Mathyeu Le Bal : En 2014, s’est tenue une première exposition de

vos œuvres à la galerie Les Montparnos intitulée « La réponse est dans les hauteurs ». Six ans plus tard cette seconde exposition est organisée, qu’est-ce qui a changé dans votre peinture ? Frédéric Jacquin : Il est toujours difficile de parler de sa propre

peinture et a fortiori sur un temps relativement long. Je ne parlerai pas de changement, mais plutôt d’une continuité renouvelée.
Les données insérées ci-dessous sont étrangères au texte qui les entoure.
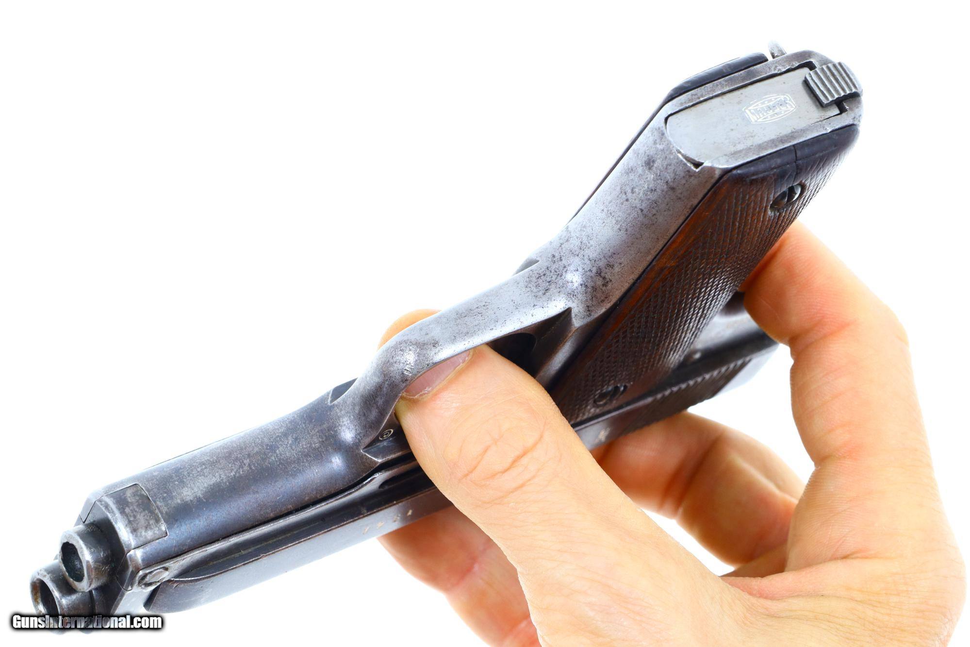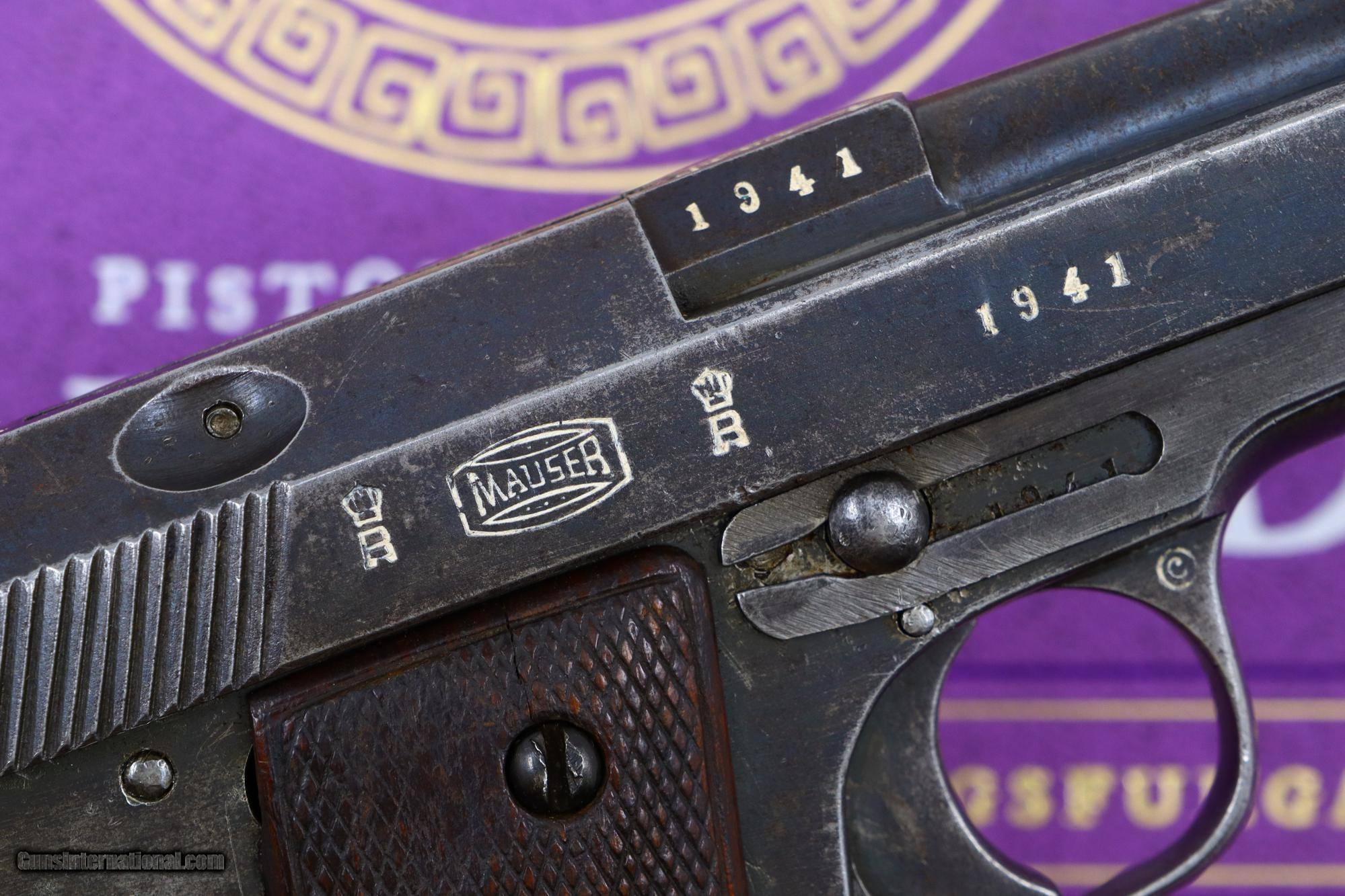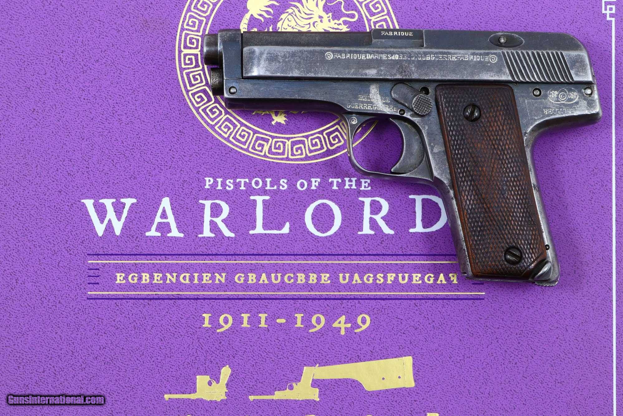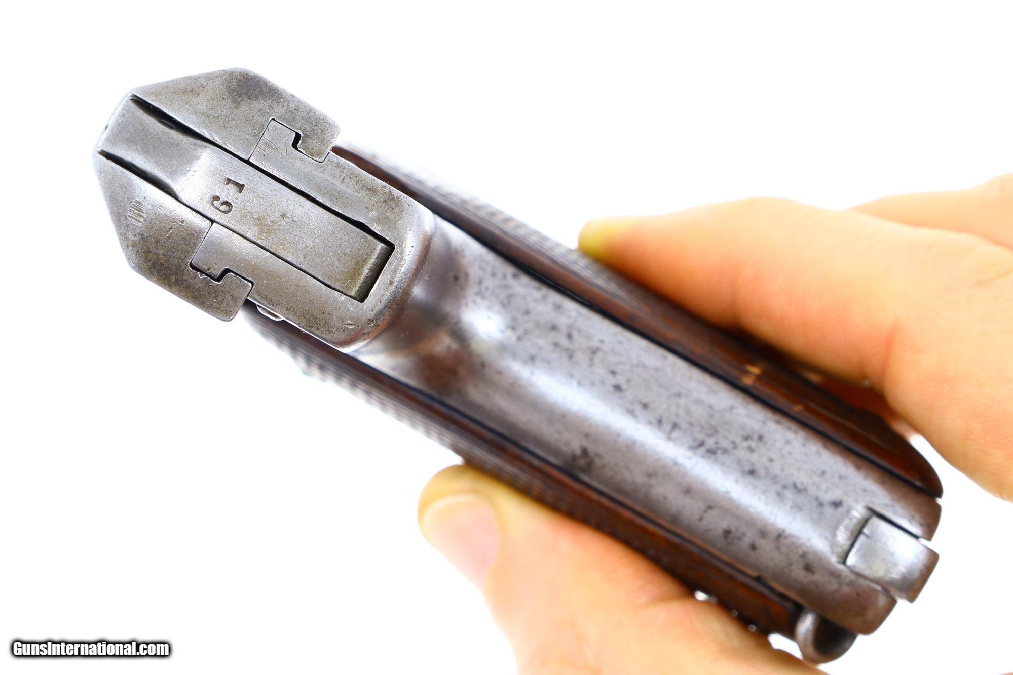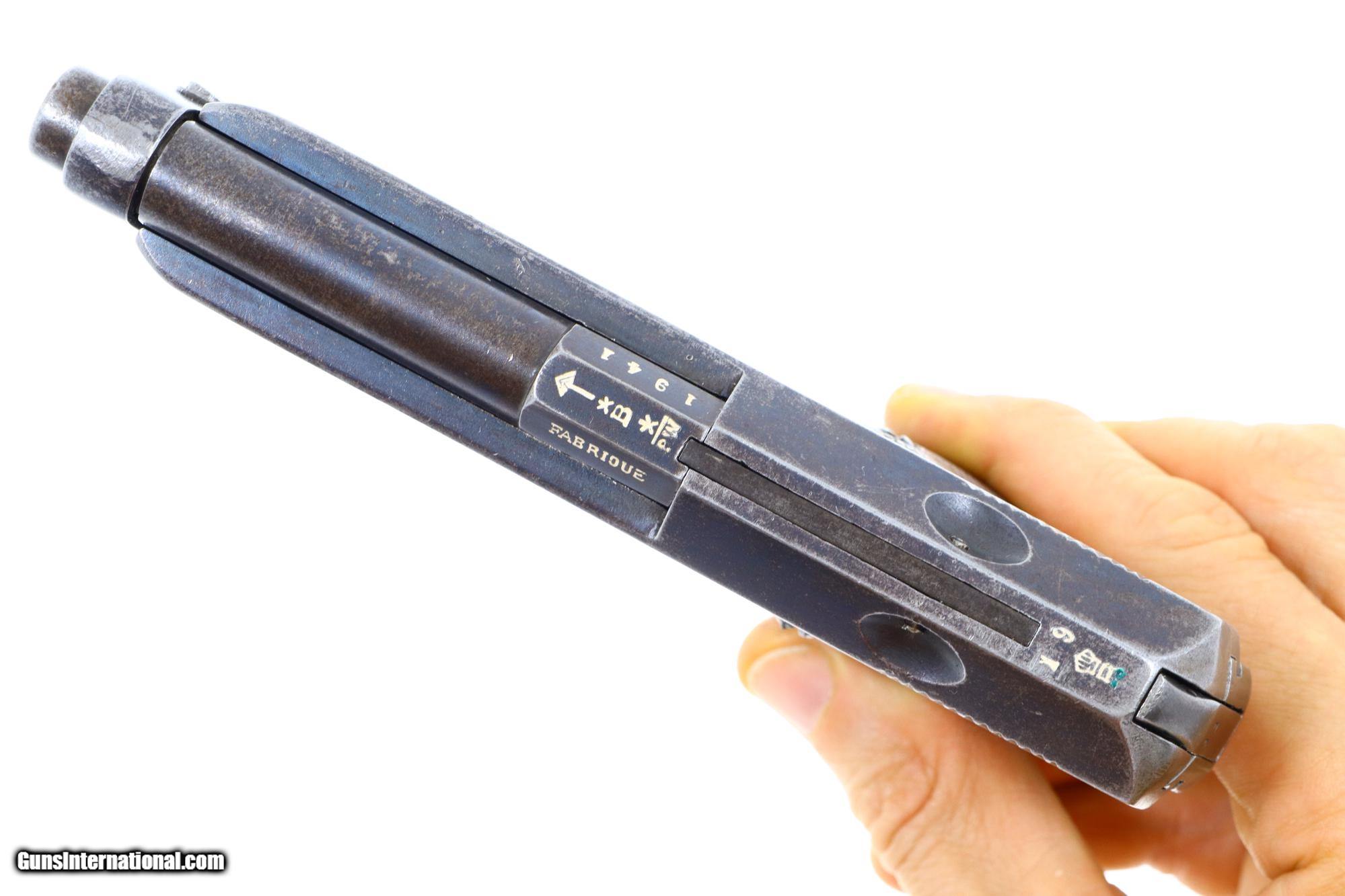 Description: Single action blowback pistol with external hammer, now bobbed, having fixed front sight, loaded indicator, and no rear sight. The right side of the slide and both sides of the frame have a scattering falsified FN and Mauser markings along with "Crown/R" proofs. Full serial number is on the right side of the chamber flat, slide and frame. The left side of the frame has been fitted with a mid-frame Eibar-type safety, retained with a separate screwed-in forked spring. Original wood checkered grips. Magazine with 5 indicator holes on left side, 3 indicator holes on the right side and a falsified "Mauser Banner" floorplate. This exact pistol is pictured in the "Pistols of the Warlords 1911-1949" by Ian McCollum pages 170-171. Synopsis: Unusual Chinese Warlord era pistol with dimpled, open-top slide, having a scattering of falsified FN and Mauser markings. Condition: Original rust blue with wear as one might expect from moderately heavy use. Safety functions properly but does not always release the hammer when rotated to the fire position. Dull bore with sharp rifling. Very unusual Chinese Warlord pistol, well marked, and especially nice it was pictured in the Chinese Warlord pistol book. NOT TO BE FIRED! NOT TO BE FIRED! NOT TO BE FIRED! ~~Insured shipping fee of $65; most packages shipped using FedEx 2nd Day.~~ SOLD Manufacturer: Chinese Arsenal Serial Number: 1941 Caliber Info: 7.65mm |

Le thème est toujours le même puisqu’il est question de paysage. Les couleurs ont pris des tonalités plus claires, plus vivifiantes, exacerbées par le recours à la matière, aux couches nombreuses par lesquelles je tente de faire surgir une lumière formellement intelligible. La frontière entre le ciel et la terre n’est plus aussi tranchée. Elle existe, mais elle n’a plus ce caractère d’opposition entre deux mondes. Elle permet aujourd’hui un cousinage qui n’empêche pas l’existence des deux entités, mais qui les rapproche. La montagne a encore droit de cité. Elle a cependant perdu son omnipotence au profit d’une plus large variété de représentations. L’abstraction des formes se poursuit, comme si le paysage devenait de plus en plus prétexte et de moins en moins sujet. En me détachant du sujet/paysage, j’ai le sentiment paradoxal de me rapprocher de son essence. Je me découvre de moins en moins peintre de paysages et de plus en plus peintre d’une lumière créant les formes donnant à voir un paysage possible ou plutôt la révélation d’un paysage.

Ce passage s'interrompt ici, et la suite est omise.